3 Bar patron: This is Triana - there are no laws here. Every market is a black market.

Mainly to remind people that Triana is a lawless world. But then I figured you're smart enough to have remembered that important story fact for this long.

Vantablack, by the way, is a material surface coating made of vertically aligned carbon nanotubes, basically a bit like the pile of a carpet, or the flocking of velvet material, but on a microscopic level. When light hits the surface, it bounces around among the carbon nanotubes, unable to escape, until it is absorbed and the energy converted into heat. It's essentially like black velvet flocking, but at a much finer scale, and so even more effective at trapping light. Vantablack absorbs 99.96% of all light that hits it, which makes it significantly more black than any other known substance. It was developed and is produced exclusively by British company Surrery NanoSystems.

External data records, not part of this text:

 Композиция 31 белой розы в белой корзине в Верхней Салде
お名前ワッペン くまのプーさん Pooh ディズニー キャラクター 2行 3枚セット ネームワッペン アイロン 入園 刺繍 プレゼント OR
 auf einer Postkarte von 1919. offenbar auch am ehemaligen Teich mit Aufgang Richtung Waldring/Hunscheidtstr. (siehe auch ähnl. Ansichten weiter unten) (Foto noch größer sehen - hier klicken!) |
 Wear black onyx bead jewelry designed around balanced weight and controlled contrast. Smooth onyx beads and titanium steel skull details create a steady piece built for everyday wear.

Normal matte black paint absorbs around 97.5% of the light that hits it - in other words it reflects 2.5% of incident light. Vantablack reflects only 0.04% of incident light, which is 62 times less. So black paint is 62 times more reflective than Vantablack.

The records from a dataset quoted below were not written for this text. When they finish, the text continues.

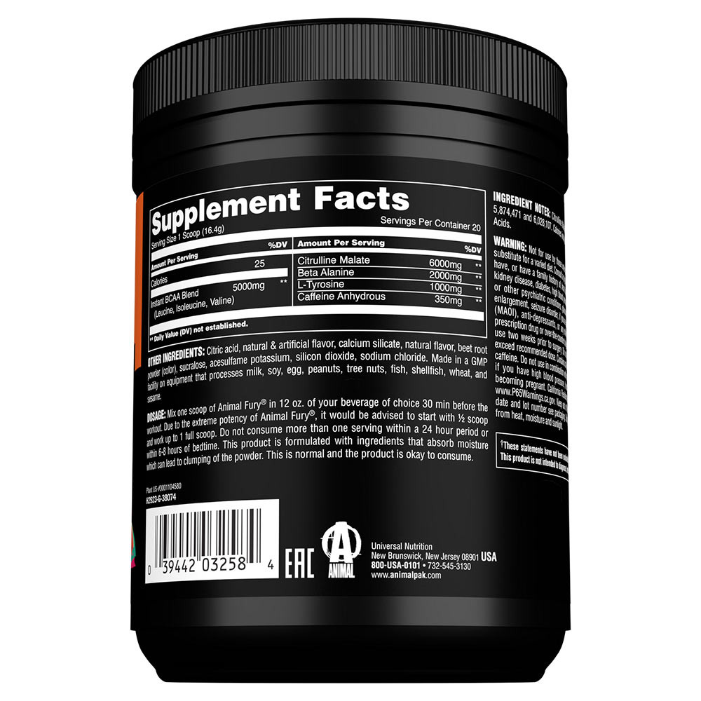 Keď sme formulovali Animal Fury, mali sme na mysli tento vzácny postoj. Rozhodli sme sa navrhnúť predtréningový prášok, ktorý by pomohol vážnym športovcom zostať v "zóne". Kombinácia osvedčených predtréningových základov, ako je citrulín malát, beta alanín, L-tyrozín a bezvodý kofeín, v účinných dávkach s neuveriteľnými piatimi gramami aminokyselín s rozvetveným reťazcom (BCAA), každá odmerka Animal Fury predstavuje pekelne silný úder na budovanie svalov. Výkonnosť. Zameranie. Energia. To je silný zásah. Žiadne kecy. Vďaka tomu, že sa nepoužívajú žiadne patentované zmesi, môžete si byť istí, že presne viete, čo dostanete v každej naplnenej šejkerovej šálke Fury
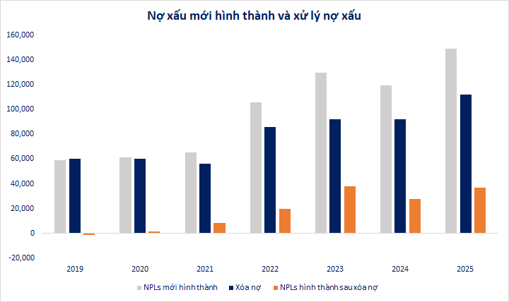 Thứ tư, dữ liệu nợ xấu mới hình thành và xử lý nợ xấu củng cố quan điểm trung tính nghiêng về phía tích cực. Từ năm 2022 đến 2025, nợ xấu mới hình thành đều ở mức cao, nhưng giá trị xóa nợ cũng tăng đáng kể, cho thấy ngành đã chủ động xử lý và sẵn sàng hy sinh một phần lợi nhuận để giữ an toàn bảng cân đối. Phần nợ xấu còn lại sau xử lý vẫn cao hơn giai đoạn trước 2021, tức áp lực chưa biến mất, nhưng việc xử lý không bị chậm lại. Đây là điểm quan trọng, vì trong môi trường tín dụng tăng nhanh, chất lượng tín dụng bền vững phụ thuộc nhiều vào tốc độ nhận diện và xử lý nợ hơn là mục tiêu làm đẹp tỷ lệ ngắn hạn.
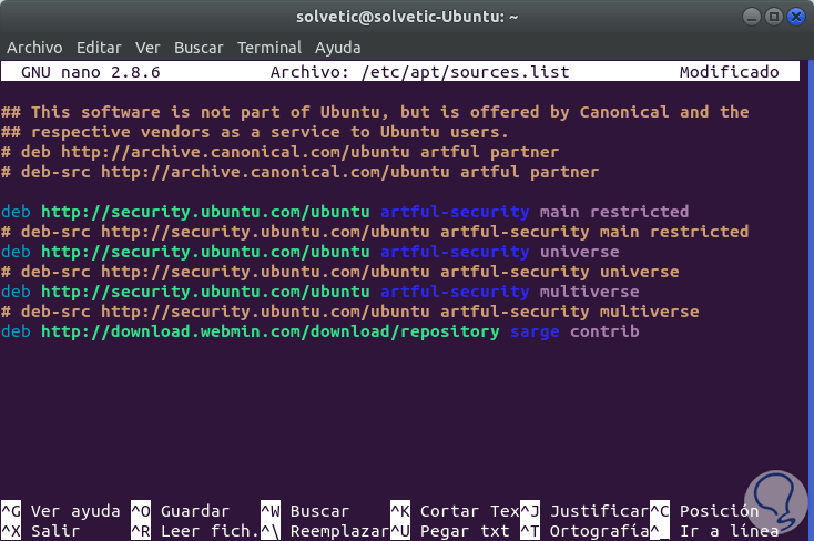 sudo nano /etc/apt/sources.listAllí agregaremos la siguiente línea al final del archivo:

Objects coated in Vantablack become virtually impossible to see, except as what appears to be a two-dimensional black shape. Surface details and three-dimensional shapes become invisible, because there is not enough light reflecting off them to make the shape apparent to our eyes. Have a look at this photo of a crinkled sheet of aluminium foil, partially coated in Vantablack:

Vantablack foil

(Creative Commons Attribution-Share Alike 3.0 Unported image by Surrey NanoSystems, from Wikimedia Commons.)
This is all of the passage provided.